Final answer:
To find the rate at which the base of the ladder is sliding away from the wall, we can use related rates of change. Given that the rate at which the top of the ladder is sliding down the wall is 6 ft/sec, we can solve for dx/dt when x = 15 ft. By forming a right triangle with the ladder, the wall, and the floor, and using the Pythagorean theorem and implicit differentiation, we can determine that dx/dt is approximately 3.2 ft/sec.
Step-by-step explanation:
To find the rate at which the base of the ladder is sliding away from the wall, we can use related rates of change. Let's denote the distance of the base from the wall as x and the height of the ladder as y. We are given that dy/dt (the rate at which the top of the ladder is sliding down the wall) is 6 ft/sec and we want to find dx/dt (the rate at which the base of the ladder is sliding away from the wall) when x = 15 ft.

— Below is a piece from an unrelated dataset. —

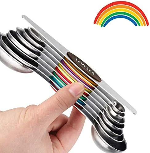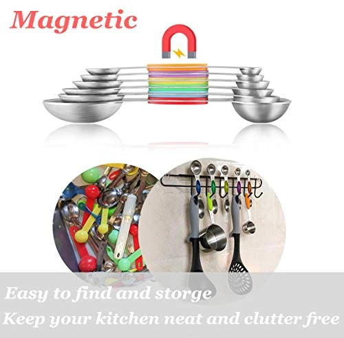 - โ EXCELLENT MAGNETIC DESIGN—-Each measuring spoon has a magnetic colourful handle allowing it to be easy detached and attached. the magnets are strong enough to fasted securely to any metal surface, so it ‘s easy to find and ready for next time use from the drawer in kitchen, save space and store orderly, The beautiful and convenient design is designed to make this measuring spoon your best kitchen helper. Colourful kitchen, colourful mood!

We can form a right triangle with the ladder, the wall, and the floor. Using the Pythagorean theorem, we have x^2 + y^2 = 17^2 (the ladder length is 17 ft). Differentiating both sides of this equation with respect to time, we get 2x(dx/dt) + 2y(dy/dt) = 0. Plugging in the given values, we can solve for dx/dt when x = 15 ft.
Using the equation, we have 2(15)(dx/dt) + 2y(6) = 0. Since the ladder is sliding down the wall, the height is decreasing. Therefore, dy/dt = -6 ft/sec. Plugging this into the equation, we have 30(dx/dt) - 12y = 0. To solve for dx/dt, we need to find y. Using the Pythagorean theorem, we can find y when x = 15 ft.
Using the equation x^2 + y^2 = 17^2, we have (15)^2 + y^2 = (17)^2. Solving for y, we get y = 8 ft. Plugging this value into the previous equation, we have 30(dx/dt) - 12(8) = 0. Solving for dx/dt, we find that dx/dt ≈ 3.2 ft/sec.